We never got sued, so we stuck with the risky name, and it was out there for all to enjoy and comment on for several years. We were not professional growers, and as a consequence, some of our produce had a few blemishes, spots, or dings. However, customers did not mind the imperfections, as the products were all grown at the local Marvin's Gardens.
More recently, we enjoyed receiving freshly water-bathed relishes, peaches, and pickles from our granddaughter-in-law, Kelsie, who, along with her husband and our grandson, Alex, processes much of their own food on their home farm in Cornish.
And from friends here in Piermont, we graciously accepted a beautiful Butternut Squash and a bag of fresh-pulled carrots this week. Also, from friends on River Road, we received a tub of freshly made applesauce, while friends on Fox Run sent us home with some nice cucumbers and several fat crimson tomatoes. Two weeks ago, we were given (by our nephew Michael and his lovely wife, Freda) a bag of long, tasty carrots that had been planted and dug at the Moulton Farm in Meredith.

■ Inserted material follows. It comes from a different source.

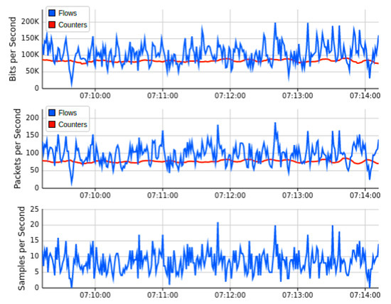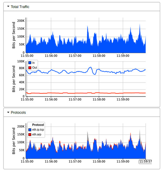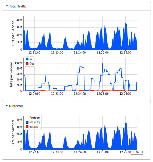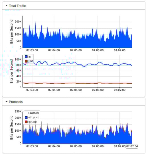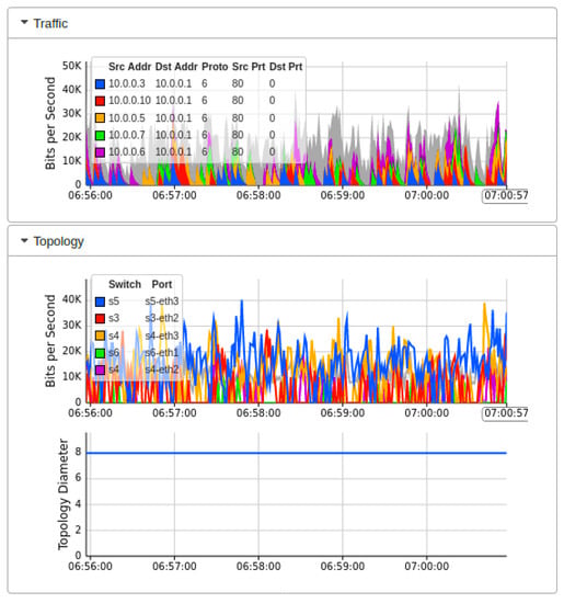 Figure 7 showed the real-time MININET emulation performance dashboard captured by sFlow for the proposed AMLSDM framework of the proposed network topology as shown in Figure 2. Those simulation settings are using POX SDN controller in a control plane. The SDN-enabled IoT network topology comprises of 14 OF Switches, that supports 28 end hosts. This network topology uses the external SDN controller of POX, which is running on VirtualBox. The ICMP ping messages are exchanged between the nodes to verify the reachability of the connected hosts in the network. The purpose of those ping messages is to check whether all the nodes are successfully linked with the network topology or not. Moreover, those ping messages also verify the regular network traffic by the nodes. The result of the successful link indicates that there is no malicious node present in the network, and a DDoS attack has not been initiated up to this point in the simulations. To start ICMP ping, we execute a traffic test over specific hosts, which checks the reachability of each network host individually. The sub-graph of traffic indicates the IP address of sources hosts and currently replying to destination hosts. In the absence of a DDoS attack, the normal traffic reaches a maximum of 30Kbps. The sub-graph of bits per second shows the particular OF switches and their associated ports involved in the current network traffic transmission. The subgraph of topology diameters indicates the traffic generation of particular host devices. Figure 8 indicates the network bandwidth dashboard in terms of bits per second utilized by the current generated network traffic. TCP and ARP protocols are being utilized for the basic ICMP network reachability test. Meanwhile, Figure 9 indicates the sFlow-test dashboard to identify the performance of switches’ activities regarding current simulation testing. The involved switches analyze the simulation by counting the flows, check sequence number, comparing byte flows to counters, comparing packet flows to counters, and checking the ingress and egress ports information and CPU load average to identify the nature of current traffic. We run the Collect.sh script to collect this information for machine learning algorithms based inspection to identify the DDoS attacks. Figure 9 provided the evidence that network traffic is normal, and our designed inspection validates the normality of the current network traffic.

What makes these carrots from Mike and Freda so interesting to me is that they were planted on a part of the same hundreds of acres of fields that I walked as a pre-teen youngster, hand and machine raking hay into wind rows at the Moulton Farm where I worked for many summers before graduating from high school and entering the Marine Corps a week later in 1955.
That ended my vegetable planting days and it was not until 10 years later that I once again took up a shovel, hoe and rake to work the land, this time not the rented land of others, but our own land, where growing fruits and vegetables with Polly and the kids, Bernie and Spencer, became our family's steady warm-weather pastime for many years.
So, at present, we are here in Piermont, where three weeks ago, two of our three great-grandchildren visited for what turned out to be a Sunday afternoon session in the mud. We are surrounded by good earth; this ground here once was part of the Jewell Farm.
Good earth makes mighty fine mud, and with the proper mix of our 480-foot deep, fresh, cold well water, mixed with the right amounts of Charlie Jewell's rich, black Piermont earth, the little guys here were mixing some high-quality mud. This kind sticks to hands, arms, feet, and clothing, and is also excellent for building a Fairy House, something we all did right here.
I wrote about this experience in a Bernie's Beat column two weeks ago. Imagine, if you will, here we are digging in the ground, helping make mud with the little folks. I wasn't digging the land so I could plant rows of carrots, radishes, or beets on this vast former farm; I was helping the kids imagine and create a Fairy House.
I would say that it is an excellent land-use policy we have adopted here and one we intend to maintain.